Who is the oldest person you have ever met?

Or to put it another way: of all the people who you remember meeting, who was born the earliest?

Think carefully before you answer and rest assured: whatever answer you give will probably be more interesting and impressive than my own.

Aside from the fact that I am a historian myself and the unexceptional truth that I was born in the late 1970s and lived for an as yet undetermined period of time after that, I doubt my own life would be of much interest to future historians.

I once saw Princess Diana when she visited my school in 1991 and have been lucky enough to meet and interview several famous people such as the actors John Hurt, Natalie Portman and Stephen Fry.

But while one of my friends can claim to have met the former Prime Minister, Harold Macmillan (1894-1986) when he was a child, I cannot even definitely be sure I have even met anyone famous or otherwise who was born in the 19th century.

In 1988, the children’s author, HE Todd, the creator of the Bobby Brewster books, visited my school. I remember, we were saddened to hear of his death shortly afterwards.

Although he is not exactly a household name these days, it is easy enough for me to find out today that he was born in 1908. I didn’t exactly “meet” him either but sadly this seems to be the best I can do.

My parents are very far from being the oldest people I have ever met. Both were born during the Second World War. They have lived and full lives and can remember such events as the Queen’s coronation in 1953, the assassination of President Kennedy in 1963 and the long hot summer of 1976.

My mother’s parents were both born during the First World War.

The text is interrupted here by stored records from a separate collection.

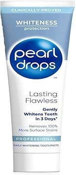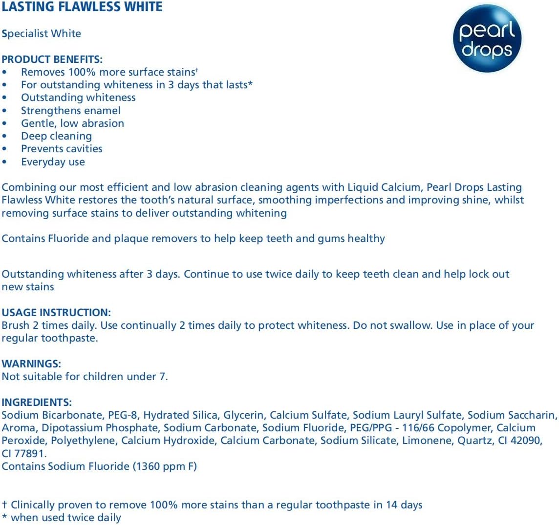 Product Description Pearl Drops Lasting Flawless White Toothpolish has been developed by our whitening experts to deliver superior stain removal and protection, for a brighter, whiter, healthier smile. combining our most efficient and low abrasion cleaning agents with our patented Stain Prevention Technology, Pearl Drops Flawless Lasting White restores the tooth's natural surface, smoothing imperfections and improving shine, whilst removing surface stains to deliver outstanding whitening. Ingredients Sodium Bicarbonate, PEG-8, Hydrated Silica, Glycerin, Calcium Sulfate, Sodium Lauryl Sulfate, Sodium Saccharin, Aroma, Dipotassium Phosphate, Sodium Carbonate, Sodium Fluoride, PEG/PPG - 116/66 Copolymer, Calcium Peroxide, Polyethylene, Calcium Hydroxide, Calcium Carbonate, Sodium Silicate, Limonene, Quartz, CI 42090, CI 77891, Contains: Sodium Fluoride (1360 ppm F) P.when('A').execute(function(A) { A.on('a:expander:toggle_description:toggle:collapse', function(data) { window.scroll(0, data.expander.$expander[0].offsetTop-100); }); }); Directions Squeeze a pea-sized amount of toothpaste onto a toothbrush. Brush teeth thoroughly for approximately 2 minutes, covering all surfaces. Rinse mouth thoroughly after brushing. Do not swallow. Use twice daily. Safety Warning Do not swallow, for adult use only. Contains fluoride โ may be harmful if swallowed in large amounts. Manufacturer Contact Information Church & Dwight UK Ltd., Folkestone, CT19 6PG, UK. Sofibel SAS, 110-114 Rue Victor Hugo, 92686 Levallois-Perret, France. See more,Removes 100 Percent more stains than a regular toothpaste in 14 days,Teeth will look visibly whiter after 5 days,Continue to use twice daily to keep teeth clean and help lock out new stains,Clinically tested and safe for everyday use,Contains Flouride and plaque removers to help keep teeth and gums healthy
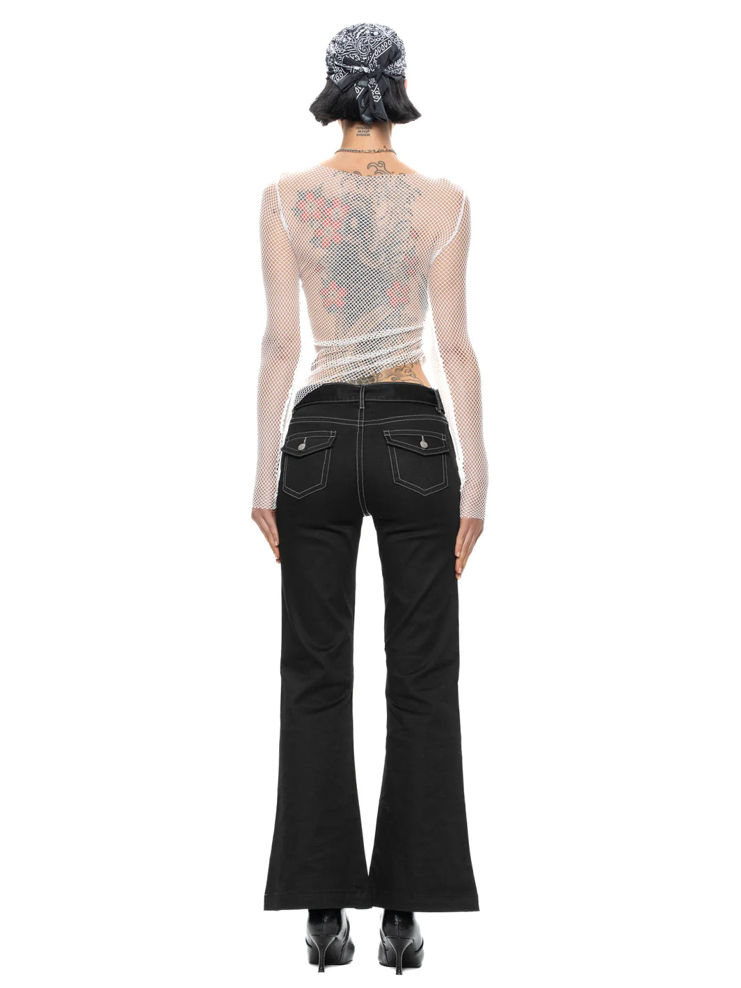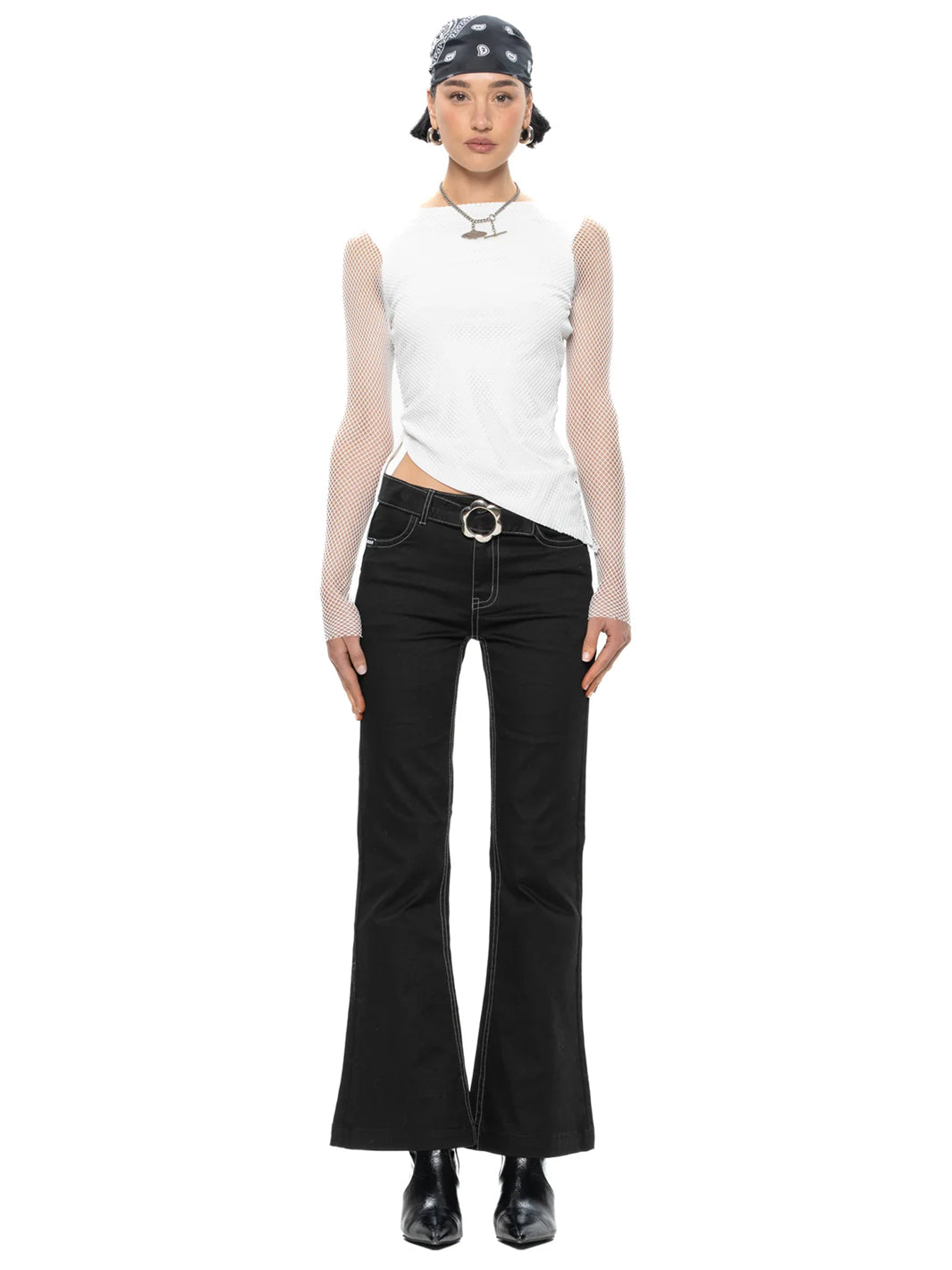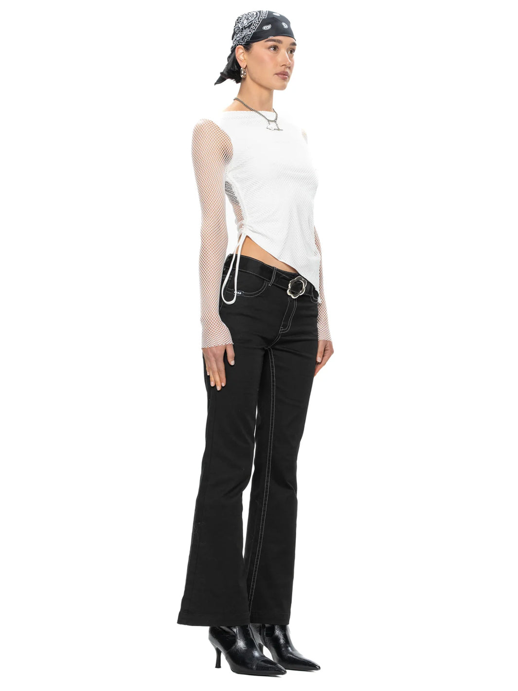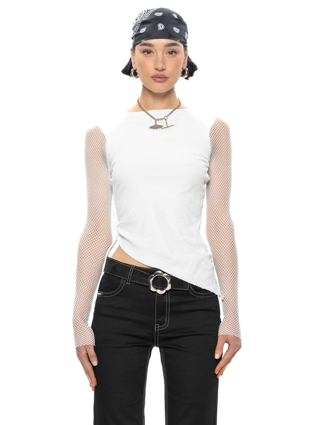 We are living for the Splice Top! With its white mesh long sleeves and adjustable side drawstring, this slay top has you covered in the front and open in the back - the perfect mix!
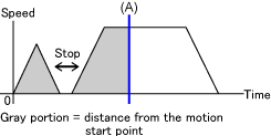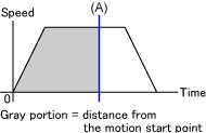 Designated distance [mm] from motion start is judged by the current position (the encoder value). |
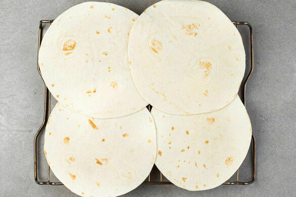 Die Tortillas auf zwei Backrosten 2–3Min. im Ofen erwärmen.
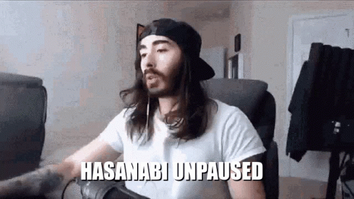 Hasan Piker reacts with excitement and relief to 'Hasanabi Unpaused' on screen.
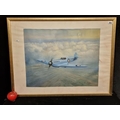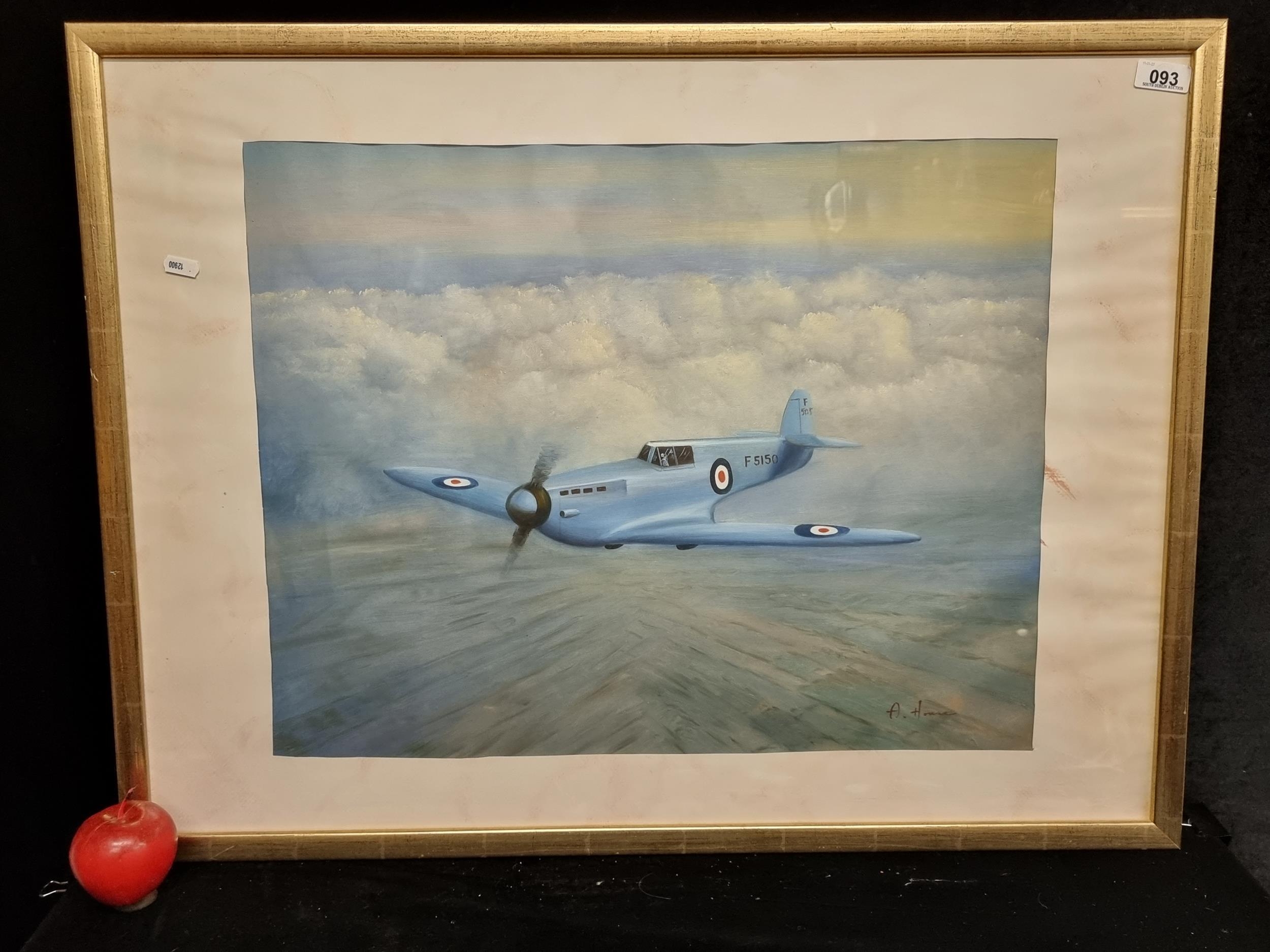 An original vintage oil on canvas painting showing a spitfire in flight, signed indistinctly bottom right. Housed in a gilt frame.
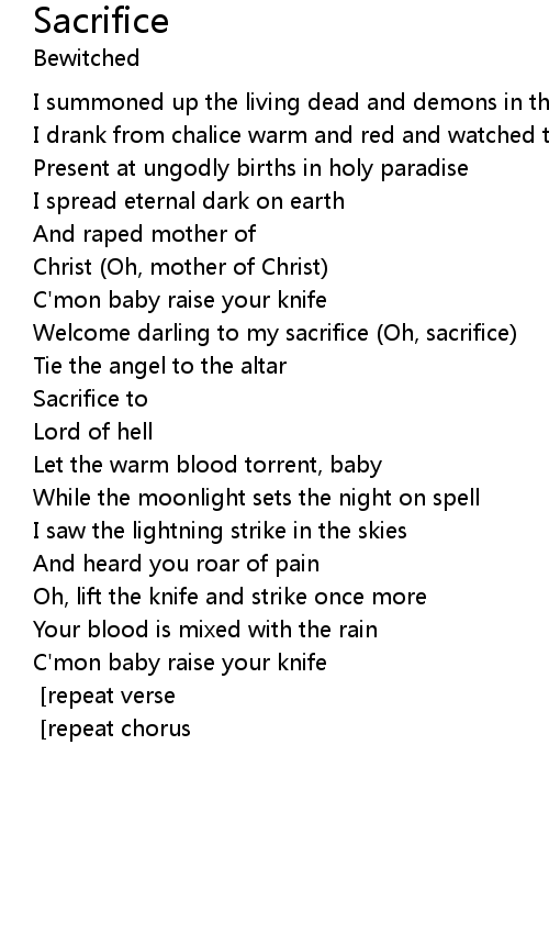 Welcome darling to my sacrifice (Oh, sacrifice) [repeat verse 1] [repeat verse 2] [repeat chorus] |
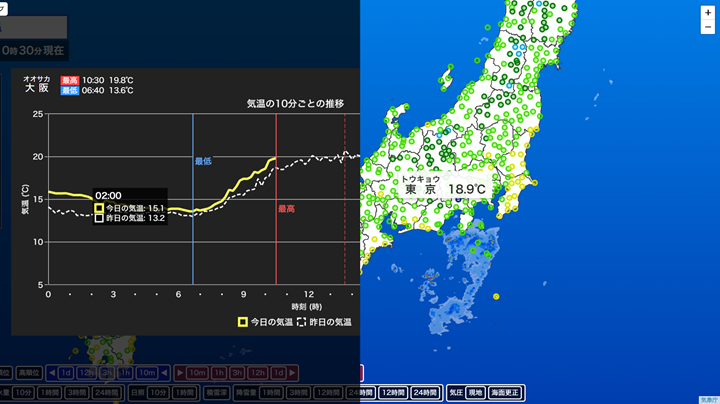 また、個別観測点の今日と昨日の気象情報の10分ごとの変化をグラフに表して見ることができます。
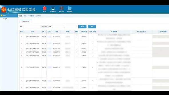 在考评管理上,针对牡丹江市两级人民法院实际情况,设计出了法院干警绩效考核系统,分为个人考核、部门考核、基层院班子考核等,建立起科学、公开、透明的绩效考评体系;结合“工作写实系统”强化内部管理,实行“日写实、周检查、月评议、季通报”的管理方式,要求干警根据自身岗位责任分工在写实评议信息管理平台系统中将履职情况及参加组织生活等情况真实、完整、精炼地加以记录,具体数据融入“一体化平台”中,实现系统数据互通;参照案件难易程度等标准,设置不同的权重系数,进一步提高案件评估工作的科学性,更加科学、合理地评价法官办案的实际工作量。案件权重系数不直接体现案件的办案质量、效率和效果,但可以较为科学合理地反映各基层法院、各业务战线和各位法官的实际工作量情况,可用于评估、测定一个法院、一个业务庭和一名法官的审理、执行案件所付出的实际工作量情况。各部门负责人可以登录一体化平台对本部门人员进行考核,由审管办进行最终考核,并进行考核结果展示。
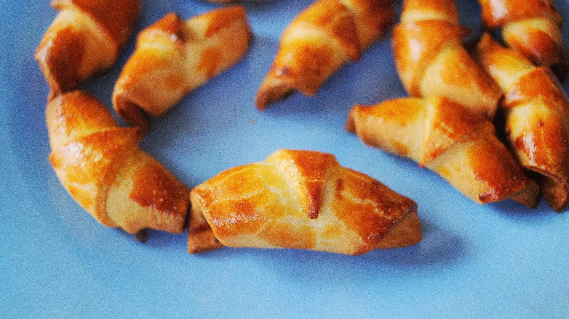 Az élesztőt a tejben felfuttatjuk 1 tk cukorral. Robotgép keverőtáljában összedolgozzuk a lisztet a puha vajjal. Hozzáadjuk a sütőport, a tojáskat, a maradék cukrot és a felfuttatott élesztőt is. Összedolgozzuk, majd kézzel is átgyúrjuk. Fóliába csomagolva éjszakára a hűtőbe tesszük. Ezután, lisztezett deszkán vékonyra (2-3 mm) nyújtjuk a tésztát és kb. 15 cm átmérőjű kör alakban kisszaggatjuk. A korongokat 8 részre vágjuk – háromszögeket kapunk. A kihűlt káposztából egy kiskanálnyit halmozunk a tésztára, feltekerjük kiflialakban és egy sütőpapírral bélelt tepsire tesszük. Megkenjük felvert tojással és 180 fokra előmelegített sütőben 15-20 perc alatt készre sütjük.
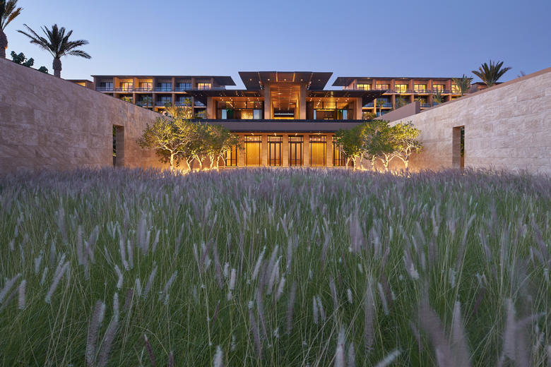 The design of the JW Marriott Los Cabos Resort seamlessly blends architecture and art with the site’s powerful desert landscape and an endless panorama of the Pacific Ocean. Though separated from the water by a 35-foot-tall dune, the resort creates an immediate connection from entry to ocean through a horizon-framing main arrival hall and intuitive, adventure-evoking pathways throughout the resort.
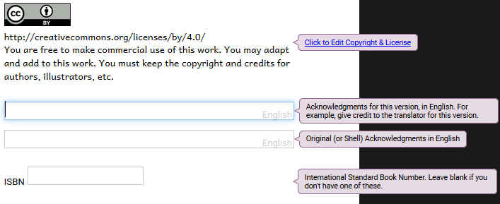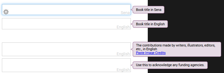 These yellow boxes inform you regarding what the associated text boxes should contain and the language of that content. If the book as a title in other languages, as shown here, tabs appear so you can see those titles. See Also: Contributions.
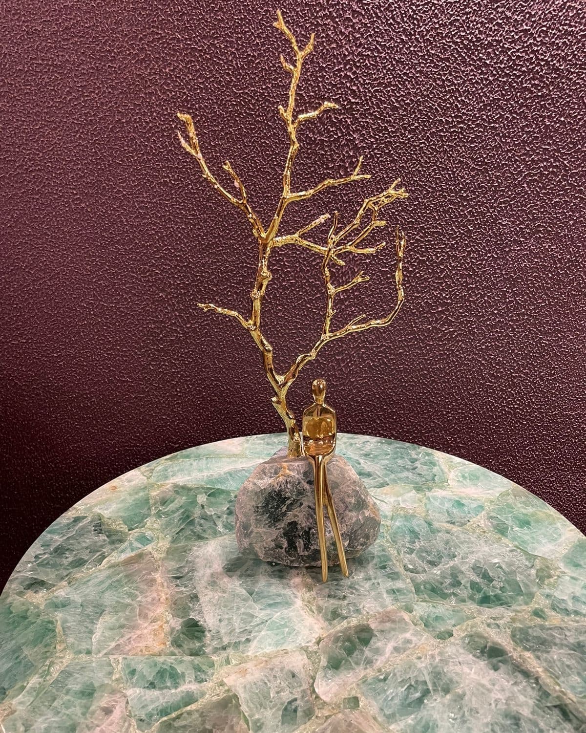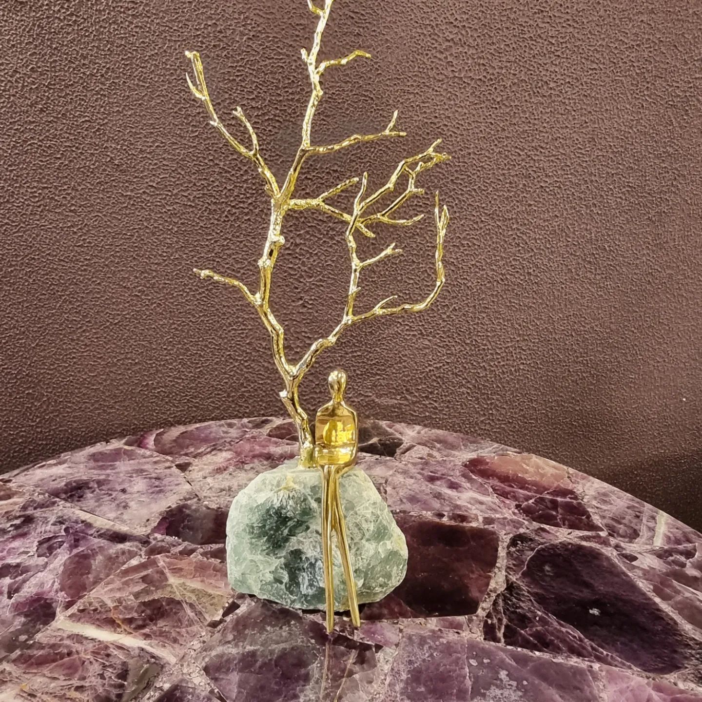 Латунь, флюорит. Человек под деревом. А все остальные смыслы – у каждого будут свои. В чём и ценность данной работы.

My maternal grandfather was born in August 1914, the fateful month the war started. My grandmother was born in Dublin in 1916: the famous Easter Rising had rocked that city only a few weeks before. Her own father had served with the British Army and had been wounded in the disastrous Gallipoli campaign of 1915.

Their family soon moved to England after my great-grandfather had come close to being shot by one of the notorious Black and Tans who roamed Ireland in the period after 1918.

My maternal grandparents settled in Nuneaton and were close to Coventry when it was bombed in 1940.

My father grew up in the pleasant Wiltshire village of Limpley Stoke. As a boy, he shared the excitement of the local community when certain scenes from the Ealing comedy film, The Titfield Thunderbolt were filmed there in 1952.

He also remembers speaking to an old lady who remembered sailing across the sea in a sailing ship. As a young man he distinctly remembers two old men who worked in his office who would reminisce about their experiences in the trenches during the First World War.

Today, my parents’ youngest grandchild – my own niece - recently celebrated her ninth birthday.

She was born in 2013 and as things stand it seems entirely plausible that she could still be alive in the early years of the next century. I don’t know about you, but this sort of thing boggles my mind.

As children, my own parents must have encountered old people such as their own grandparents, who had been born in the year 1870 or before, people who must have once breathed the same air as Charles Dickens or who had seen Paris before the Eiffel Tower.

Yet within their own lifespans they have also encountered the young children who will one day inhabit the 22nd century.

It is astonishing to think within the span of an ordinary human life most of us will get to meet a range of people whose lives will together span something close to around three human lifespans, a period encompassing perhaps over 240 years.